Stored entries
■ ■ ■ ■

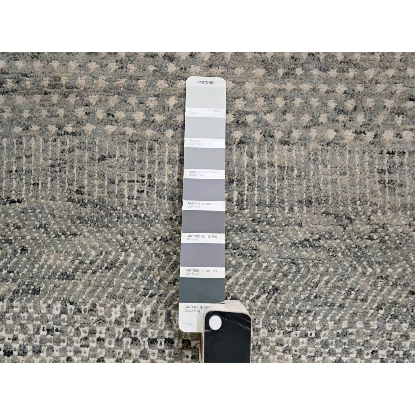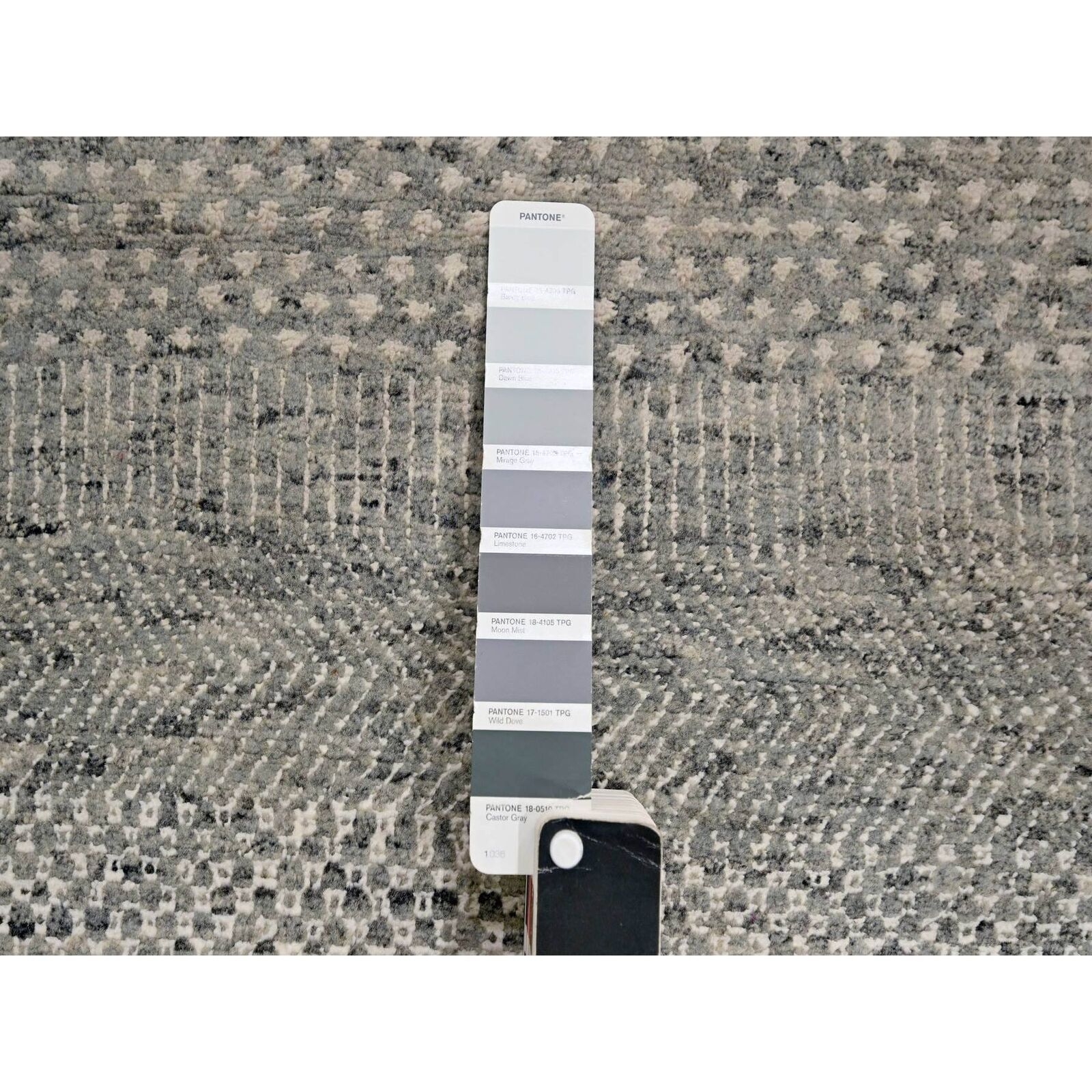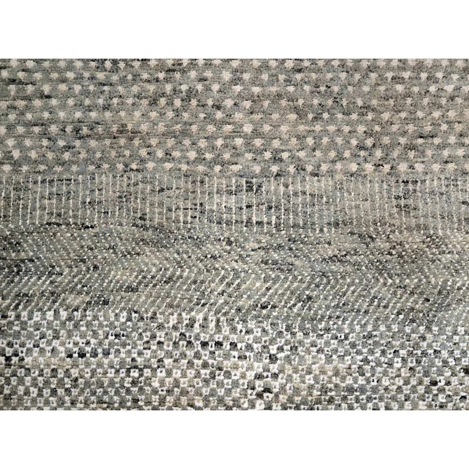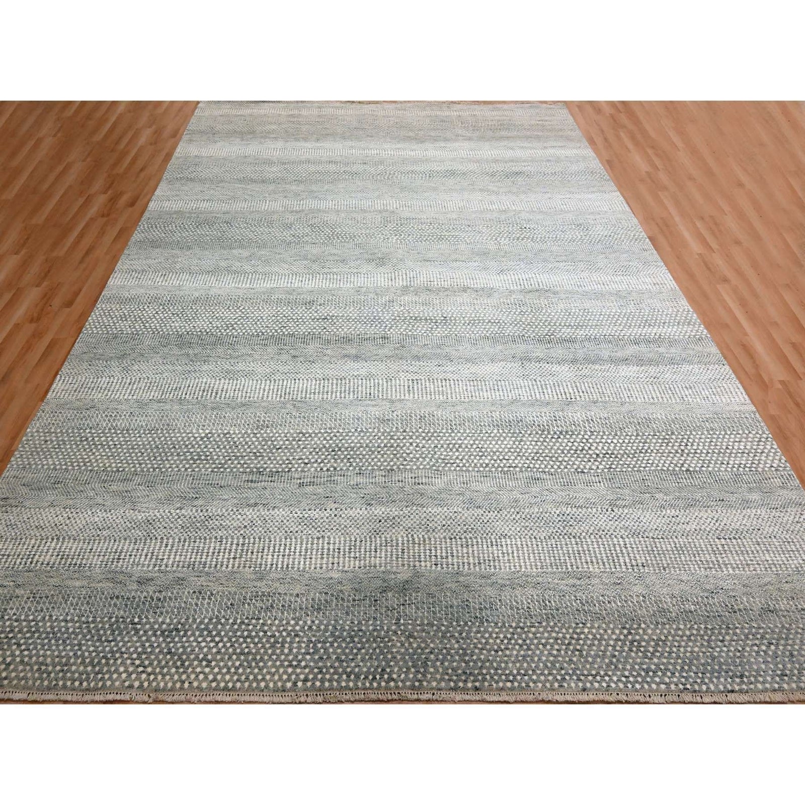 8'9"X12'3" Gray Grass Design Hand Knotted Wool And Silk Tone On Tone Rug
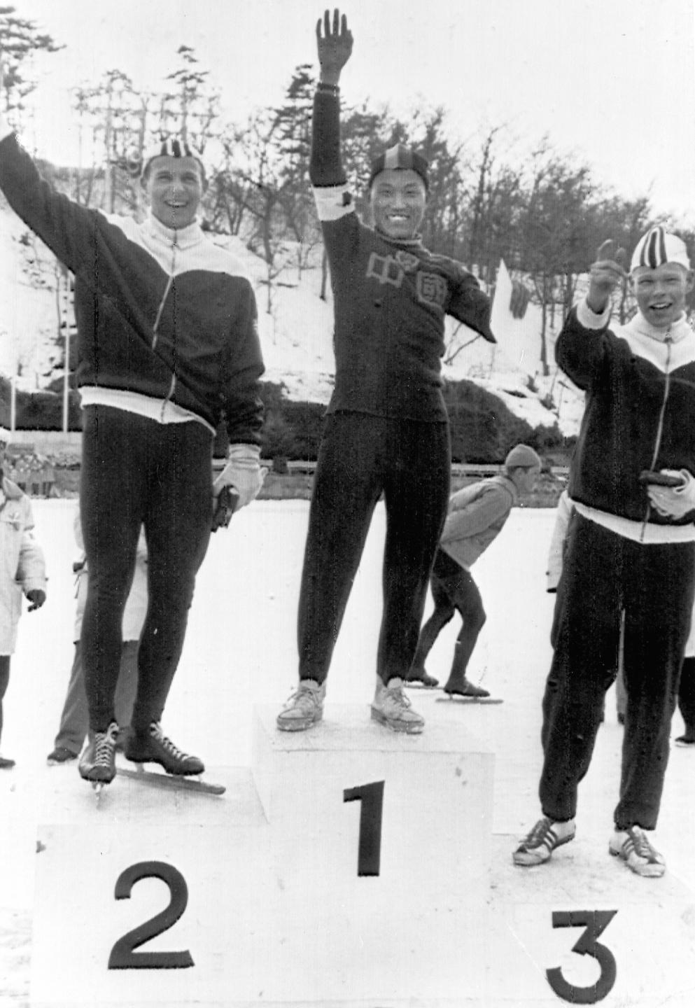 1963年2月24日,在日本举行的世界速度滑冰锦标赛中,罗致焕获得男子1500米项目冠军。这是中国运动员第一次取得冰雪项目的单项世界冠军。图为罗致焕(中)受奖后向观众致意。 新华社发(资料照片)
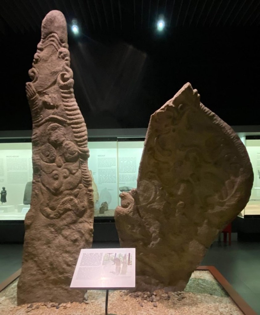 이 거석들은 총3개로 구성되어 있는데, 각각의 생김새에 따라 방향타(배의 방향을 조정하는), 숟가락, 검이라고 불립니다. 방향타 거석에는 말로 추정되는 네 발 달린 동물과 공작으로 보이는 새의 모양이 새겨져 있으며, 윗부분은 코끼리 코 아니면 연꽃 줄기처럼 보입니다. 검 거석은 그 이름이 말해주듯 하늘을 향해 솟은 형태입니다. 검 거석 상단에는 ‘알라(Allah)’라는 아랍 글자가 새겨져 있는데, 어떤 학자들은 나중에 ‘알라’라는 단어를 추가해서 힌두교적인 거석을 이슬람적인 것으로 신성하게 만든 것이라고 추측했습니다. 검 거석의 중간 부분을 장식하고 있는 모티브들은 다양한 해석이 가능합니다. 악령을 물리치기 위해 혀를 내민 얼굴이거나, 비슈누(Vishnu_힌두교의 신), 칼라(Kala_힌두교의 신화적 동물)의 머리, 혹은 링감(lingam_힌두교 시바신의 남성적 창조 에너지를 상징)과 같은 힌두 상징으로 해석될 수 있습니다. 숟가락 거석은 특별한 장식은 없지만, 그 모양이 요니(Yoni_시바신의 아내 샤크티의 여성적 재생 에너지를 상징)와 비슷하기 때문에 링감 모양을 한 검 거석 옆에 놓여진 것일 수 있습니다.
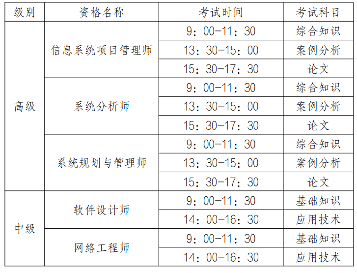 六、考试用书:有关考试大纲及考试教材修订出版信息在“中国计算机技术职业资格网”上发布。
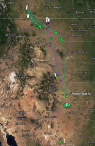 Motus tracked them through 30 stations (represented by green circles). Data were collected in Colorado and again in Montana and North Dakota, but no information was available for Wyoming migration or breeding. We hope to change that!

■ ■ ■ ■

Please keep the pictures out and reproduce the records above exactly.

Task output
 8'9"X12'3" Gray Grass Design Hand Knotted Wool And Silk Tone On Tone Rug
 1963年2月24日,在日本举行的世界速度滑冰锦标赛中,罗致焕获得男子1500米项目冠军。这是中国运动员第一次取得冰雪项目的单项世界冠军。图为罗致焕(中)受奖后向观众致意。 新华社发(资料照片)
 이 거석들은 총3개로 구성되어 있는데, 각각의 생김새에 따라 방향타(배의 방향을 조정하는), 숟가락, 검이라고 불립니다. 방향타 거석에는 말로 추정되는 네 발 달린 동물과 공작으로 보이는 새의 모양이 새겨져 있으며, 윗부분은 코끼리 코 아니면 연꽃 줄기처럼 보입니다. 검 거석은 그 이름이 말해주듯 하늘을 향해 솟은 형태입니다. 검 거석 상단에는 ‘알라(Allah)’라는 아랍 글자가 새겨져 있는데, 어떤 학자들은 나중에 ‘알라’라는 단어를 추가해서 힌두교적인 거석을 이슬람적인 것으로 신성하게 만든 것이라고 추측했습니다. 검 거석의 중간 부분을 장식하고 있는 모티브들은 다양한 해석이 가능합니다. 악령을 물리치기 위해 혀를 내민 얼굴이거나, 비슈누(Vishnu_힌두교의 신), 칼라(Kala_힌두교의 신화적 동물)의 머리, 혹은 링감(lingam_힌두교 시바신의 남성적 창조 에너지를 상징)과 같은 힌두 상징으로 해석될 수 있습니다. 숟가락 거석은 특별한 장식은 없지만, 그 모양이 요니(Yoni_시바신의 아내 샤크티의 여성적 재생 에너지를 상징)와 비슷하기 때문에 링감 모양을 한 검 거석 옆에 놓여진 것일 수 있습니다.
 六、考试用书:有关考试大纲及考试教材修订出版信息在“中国计算机技术职业资格网”上发布。
 Motus tracked them through 30 stations (represented by green circles). Data were collected in Colorado and again in Montana and North Dakota, but no information was available for Wyoming migration or breeding. We hope to change that!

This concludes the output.